The relationship between antibiotic resistance/susceptibility and VRE-fm isolates

Isolates carrying esp and/or hyl were resistant to antibiotics, including Ampicillin, Penicillin, Levofloxacin, Ciprofloxacin, Erythromycin, and Vancomycin. Some isolates carrying esp and/or hyl showed either resistance or susceptibility to Doxycyclin, Gentamycin-Synerge, Linezolid, Minocycline, Nitrofurantoin, Quinupristin-dalfopristin, Teicoplanin, and Tetracyclin (Table S2). The esp and/or hyl were predominant in isolates sensitive to Doxycyclin (68.3%), Quinupristin-dalfopristin (88.3%), Linezolid (90.0%) and Daptomycin (100%) (Table S1). These findings indicate that despite the high degree of the virulence gene carriage, there is a lack of a clear association between antibiotic susceptibility and esp/hyl genes in VRE-fm clinical isolates.

Biofilm production in VRE-fm isolates with an esp or hyl carriage

Nearly all isolates displayed moderate to strong biofilm production (96.6%, 58/60), while only two isolates showed weak biofilm production. Among the isolates with moderate to strong biofilm production, a majority of isolates carried either esp (42%) or hyl (42%). While both virulence genes were detected in some isolates (esp/hyl, 16%), the absence of both genes were found in a few isolates (esp⁻/hyl⁻, 16%). These results indicate that esp and/or hyl carriage are/is dominant in biofilm producing VRE-fm isolates.
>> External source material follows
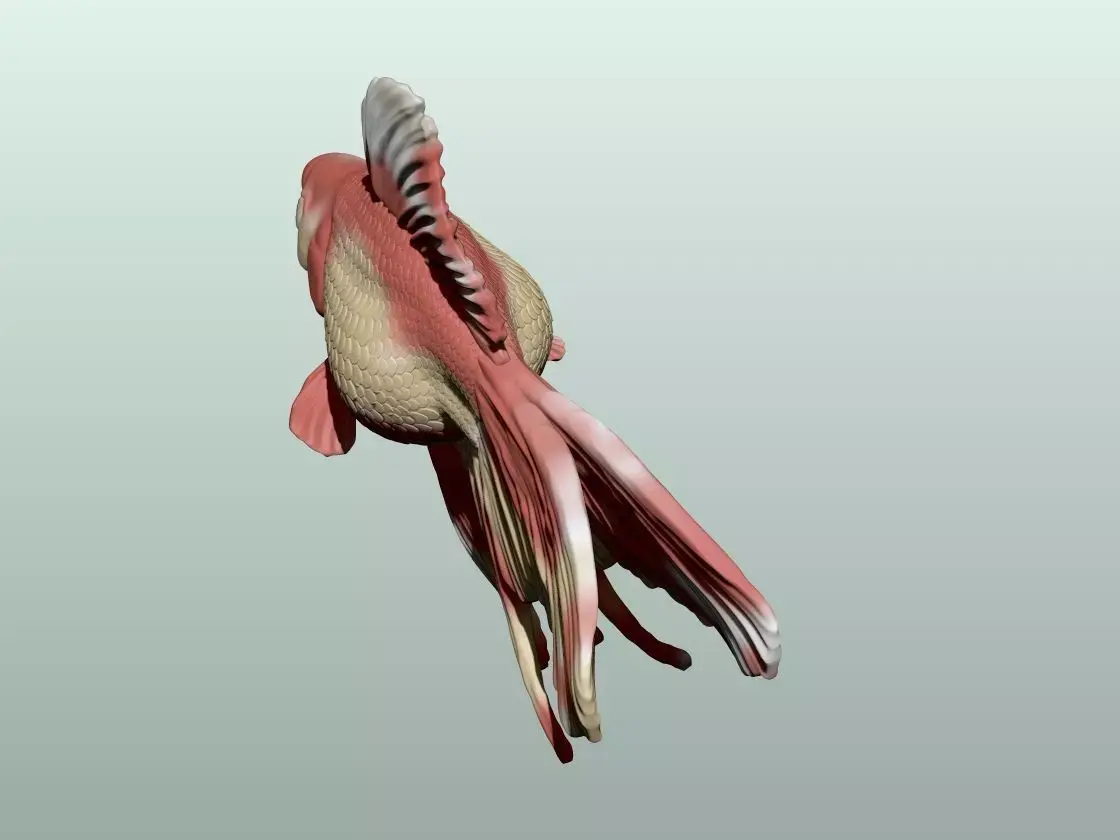 A stylized goldfish sculpted in ZBrush, available in multiple elegant poses. This model captures the flowing motion of a goldfish in water and is ideal for 3D printing.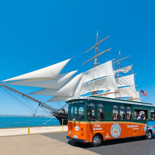 • Sunny San Diego is calling! Glide by the coastal cliffs and glistening bay with this 1/2-day hop-on hop-off trolley tour and delight in the city's top sights.

The effect of VRE-fm clinical isolates on C. elegans survival

Since multi-drug resistant VRE-fm isolates confer resistance to many clinical antibiotics, this limits treatment options and requires Linezolid as a last resort. The emerging Linezolid-resistant VRE-fm is a pressing issue. To this end, Linezolid-resistant VRE-fm clinical isolates (D11, D12, B51, A68, A126) and a control strain (E. coli OP50) were examined in a C. elegans lifespan assay (Fig. 2). Two hyl⁺ strains (D11 and D12) reduced C. elegans lifespan (P < 0.001) (Fig. 2A) and survival at the 8^th day post infection (Fig. 2B). While the C. elegans lifespan was unaffected by a hyl⁺ strain (A68) (P = 0.086), this isolate increased C. elegans lethality at the 8^th day post infection (Fig. 2B). Two esp⁺ strains (B51 and A126) were mostly harmless to C. elegans.

A esp⁺/hyl⁺ strain with Linezolid susceptibility (A127) was used to determine whether or not Linezolid resistance in VRE-fm enhances virulence (Fig. 2C). This isolate did not affect C. elegans survival compared to the control (P = 0.88), suggesting that resistance to certain antibiotics, such as Linezolid, as well as the virulence gene, may be required for VRE-fm pathogenesis.